A&S Graduate Studies
[PAST EVENT] Christopher Vendome, Computer Science - Dissertation Defense
Location
Integrated Science Center (ISC), Room 1280540 Landrum Dr
Williamsburg, VA 23185Map this location
Abstract:
Software licensing determines how open source systems are reused, distributed, and modified from a legal perspective. While it facilitates rapid development, it can present difficulty for developers in understanding due to the legal language of these licenses. Because of misunderstandings, systems can incorporate licensed code in a way that violates the terms of the license. Such incompatibilities between licensing can result in the inability to reuse a particular library without either re-licensing the system or redesigning the architecture of the system. Prior efforts have predominantly focused on license identification or understanding the underlying phenomena without reasoning about compatibility in a broad scale.
The work in this dissertation first investigates the rationale of developers and identifies that areas that developers struggle with respect to licensing. First, we investigate the diffusion of licenses and the prevalence of license changes in a large scale empirical study of 16,221 Java systems. We observed a clear lack of traceability and a lack of standardized licensing that led to difficulties and confusion for developers trying to reuse source code. We further investigated the difficulty by surveying the developers of the systems with license changes to understand why they first adopted a license and then changed licenses. Additionally, we performed an analysis on issue trackers and legal mailing lists to extract licensing bugs. From these works, we identified key areas that developers struggled and needed support.

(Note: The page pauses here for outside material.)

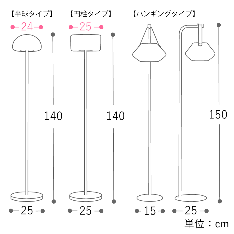 「140cm」「150cm」は、一般的なフロアライトの高さ。

While developers need support to identify license incompatibilities and understand both the cause and implications of the incompatibilities, we observed that state-of-the-art license identification tools did not identify license exceptions. Since these exceptions directly modify the license terms (either the permissions granted by the license or the restrictions imposed by the license), we proposed an approach to complement current license identification techniques in order to classify license exceptions. The approach relies on supervised machine learners to classify the licensing text to identify the particular license exceptions or the lack of a license exception.
Subsequently, we built an infrastructure to assist developers with evaluating license compliance of a system their system. The infrastructure evaluates compliance across the dependency tree of a system to ensure it is compliant with all licenses. When an incompatibility is present, it notes the specific library/libraries and the conflicting license(s) so that the developers and remove these compliance issues, which would prevent distribution of their software, from their system. We conduct a study on 121,094 open source projects spanning 6 programming languages, and we demonstrate that the infrastucture is able to identify license incompatibilities between these projects and their dependencies.
Biography:
Christopher Vendome is a Ph.D. student at William & Mary. He is a member of the SEMERU Research Group and is advised by Dr. Denys Poshyvanyk. He received a B.S. in Computer Science from Emory University in 2012 and he received his M.S. in Computer Science from William & Mary in 2014. His main research areas are software maintenance and evolution, mining software repositories, software provenance, and software licensing.